With this information, Dr. Sakari concluded that Sophia's suspicion about having breast cancer was correct and planned an imaging and tissue biopsy session with Sophia to confirm the presence of cancer.
Étienne's Cancer Therapy
Étienne has already been diagnosed with stage III pancreatic cancer. Dr. Sakari wanted to determine the location of the cancer mutations in Étienne's tumour and check if the tumour would be responsive to therapy. She requested a urine sample from Étienne and sent it to the lab to analyze the ct-DNA in it. The lab technicians isolated the DNA from the sample and used ddPCR to determine the number of mutated alleles of the gene Kirsten RA Sarcoma (KRAS) 11. KRAS is an oncogene that controls the activation of cellular growth factors and consequently, cell proliferation. The lab technicians found that three different mutated alleles have a high frequency in Étienne's urine sample. When the lab sent these results to Dr. Sakari, she started Étienne on a course of medication to treat his cancer. She requested new urine samples every 14 days to track the effects of Étienne's therapy. The continual sampling of urine provides a way for Dr. Sakari to determine if Étienne's tumour is regressing. Indeed, she found that the frequency of KRAS mutant alleles decreased after a year of medication, meaning that Étienne's cancer is in remission.

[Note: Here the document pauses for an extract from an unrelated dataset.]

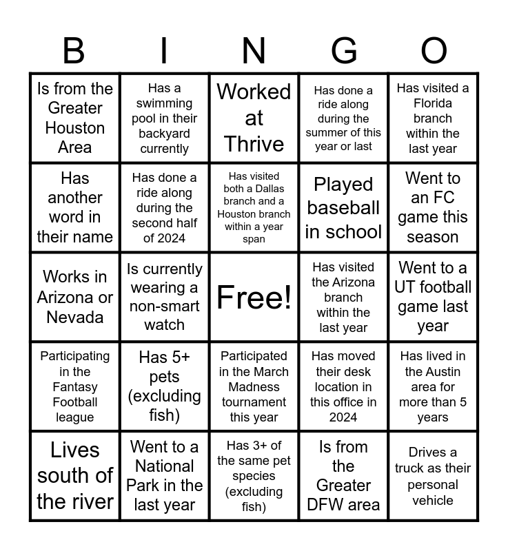 This bingo card has a free space and 47 words: Been to 5 National Parks, Drives a truck as their personal vehicle, Goes by another name other than their legal name, Has 3+ of the same pet species (excluding fish), Has 5+ pets (excluding fish), Has a J, Q, or Z in their name, Has a swimming pool in their backyard currently, Has an exotic pet, Has another word in their name, Has been with SPS for 2+ years, Has done a ride along during the second half of 2024, Has done a ride along during the summer of this year or last, Has lived in the Austin area for more than 5 years, Has moved their desk location in this office in 2024, Has only lived in Texas, Has visited all 4 Swim Pure locations in a year span, Has visited both a Dallas branch and a Houston branch within a year span, Has visited the Arizona branch within the last year, Has visited the Nevada branch within the last year, Has visited a Florida branch within the last year, Is currently wearing a non-smart watch, Is from the Greater DFW area, Is from the Greater Houston Area, Played baseball in school, Lived in California, Went to an FC game this season, Lives south of the river, Oldest person in their department by tenure, Participated in the March Madness tournament this year, Participating in the Fantasy Football league, Played baseball in school, Served in the Armed Forces, Speaks another language fluently, Was in a band, Wears corrective lens, Went to a National Park in the last year, Went to a UT football game last year, Went to an FC game this season, Went to college in Louisana, Went to college in Texas, Worked at our old office (Missouri Pacific), Worked at Thrive, Works in Arizona or Nevada, Works in Florida, Works in the Integration department, Works in the IT department and Works in the Operation Support department (per Accounting).

ct-DNA is a type of cf-DNA that has become an invaluable tool for cancer diagnosis and therapy. The use of ct-DNA for cancer diagnosis has a variety of advantages over traditional methods, which stem from its ease of collection and recollection and the content of the ct-DNA. ct-DNA houses mutant alleles, whose quantity and sequence can be used to diagnose cancer (as in the case of Sophia) and tracking the effectiveness of cancer treatment (as in the case of Étienne).